Tuesday, 26 March 2013

Charity News

Charities journal Third Sector has an interesting piece up Analysis: Senior pay - a fair price for good leadership? about securing the right people at the head of the organisation ..

Surveys consistently show that the public does not approve of high salaries for senior staff in charities; indeed, last November's poll of 1,000 people by the consultancy nfpSynergy showed that 33 per cent of respondents thought charity chief executives should not be paid at all.
However, for what they see as very good reasons indeed, the Charities, where they can, prefer to overlook supposed public preferences for the way Charities should behave, taking the opposite view that :-
 ..... "The days are gone when you can get someone who performs well at a range of tasks, such as lobbying politicians, and rely on them to take a small salary on top of their commercial pension," [as]  "You can't get people with the right skills nowadays unless you pay, because we're in a commercial market."
The article includes a link to a handy chart showing the results of this policy.
Third Sector has looked at the annual accounts of the top 150 charities by income, as listed on the Charity Trends website run by the Charities Aid Foundation, and created a list of the 100 charities that paid their top earner the most in 2011 or 2012.

The results reveal a wide variety, ranging from the charitable independent hospital that paid about £1m a year in 2011 to more mainstream charities and professional bodies paying between £120,000 and £130,000 a year.

Thirty of the top 100 earners were paid more than £200,000 a year and nine were paid more than £300,000. The mean average pay across the top 100 was £208,000 to £216,000 a year (a median of £165,000).
An interesting take on the whole thing comes from Ian Joseph, managing director for charities and not-for-profit at Russam GMS, a company that specialises in providing interim managers for charities, who  "thinks some of the amounts paid by the charities in the study are unusually high [and]  I think in the examples of a private hospital and Nuffield we have to ask whether they are really charities.
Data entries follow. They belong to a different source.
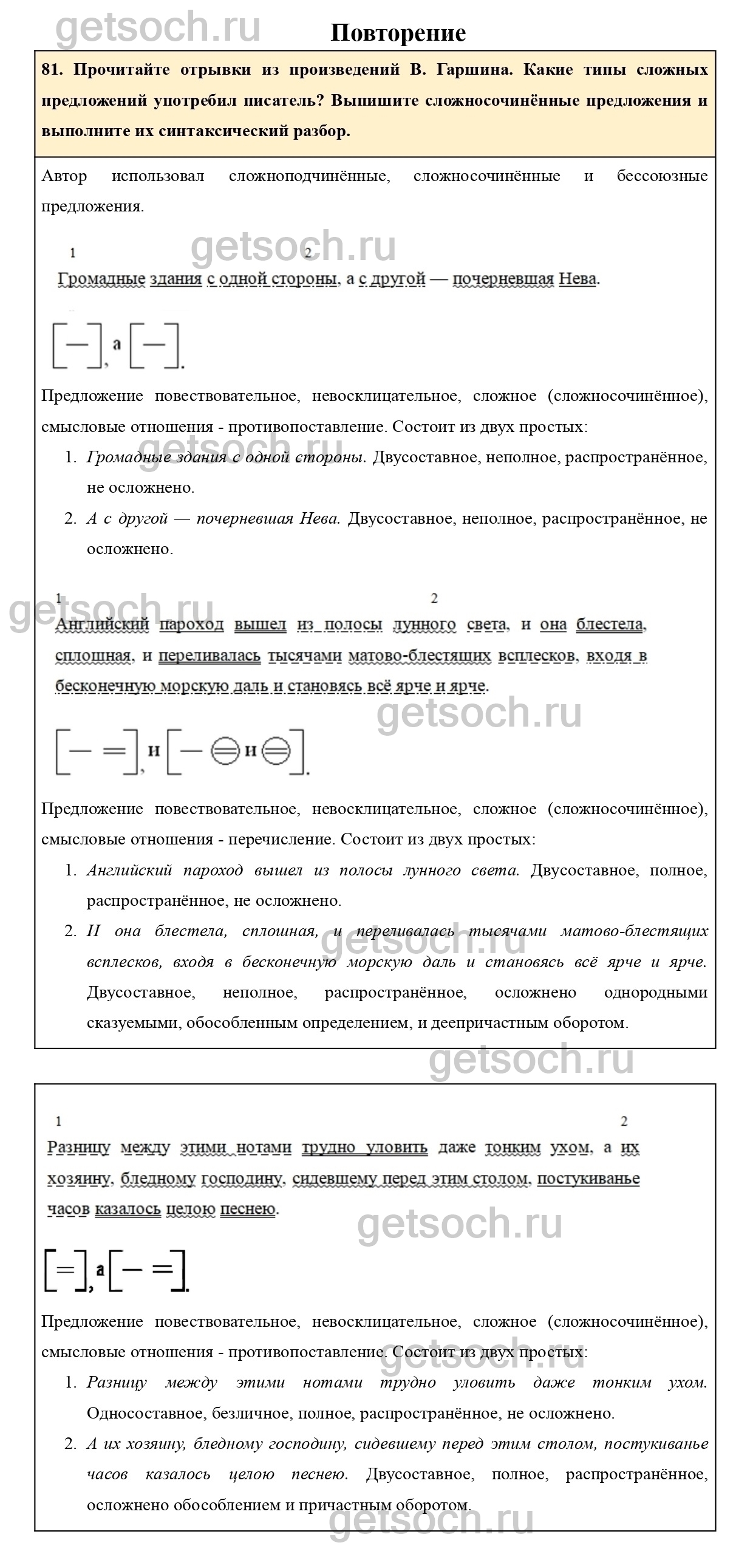 81. Прочитайте отрывки из произведений В. Гаршина. Какие типы сложных предложений употребил писатель? Выпишите сложносочинённые предложения и выполните их синтаксический разбор.
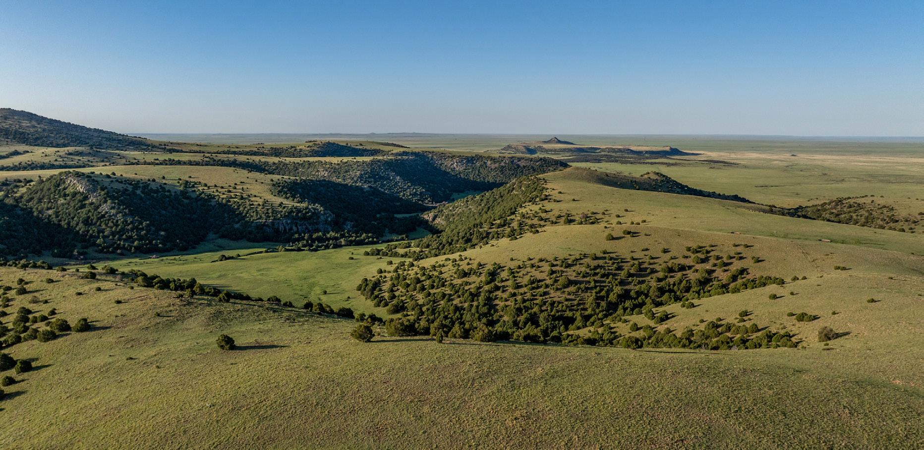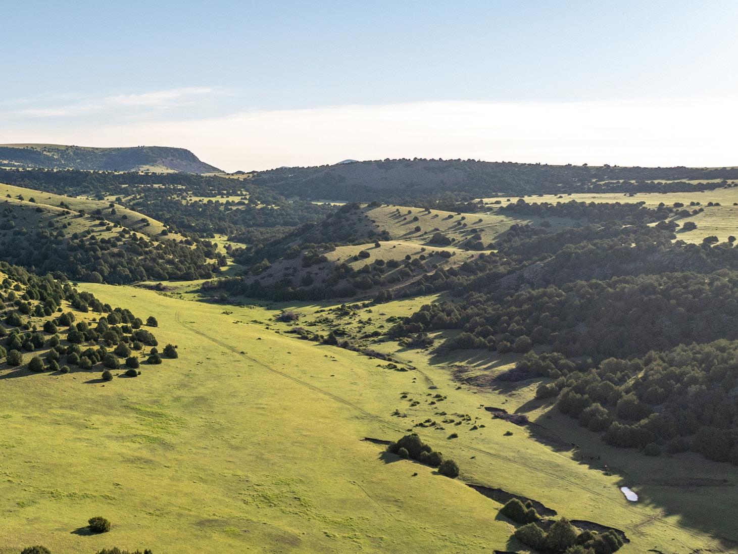 The ranch’s open grazing areas are covered with hardy, palatable native grasses such as grama, western wheatgrass, side oats, and bluestem varieties. In all, approximately 75% of the property is considered prime livestock grazing land, with the remaining 25% comprising scenic highlands, broad valleys, open meadows, and sweeping mesa tops.
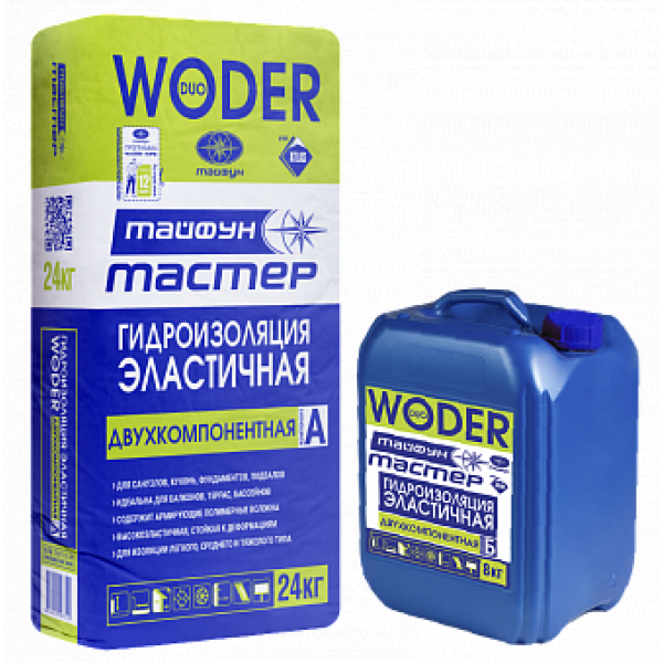 Тайфун Мастер WODER DUO Гидроизоляция эластичная, двухкомпонентная комплект (24кг+8кг)
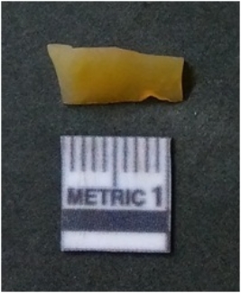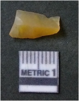 | Description / विवरण | It is chalcedony flake, translucent in appearance. The piece shows sharp pointed ends and flake scars on the surface as a result of flaking. The piece shows a bulb of percussion. |

"I'm not saying that they are or they're not, but it raises a question about how you apply the public benefit test." before making clear that [he] has no problem with major charities paying six-figure salaries in general. "Senior executives have myriad stakeholder groups that they have to satisfy," he says. "They often have to generate income without selling anything and they have to manage a large number of volunteers. Running a charity is often far more complex than running a private business."


View from the Solent said...

".. Running a charity is often far more complex than running a private business.."
And the penalty for failure (how is failure determined for a charity?) is what?

Robin Smith said...

Yes, charity, the 'Scribes and the Pharisees'


They know what the problem is. They need to be paid highly so they obscure it so well from people.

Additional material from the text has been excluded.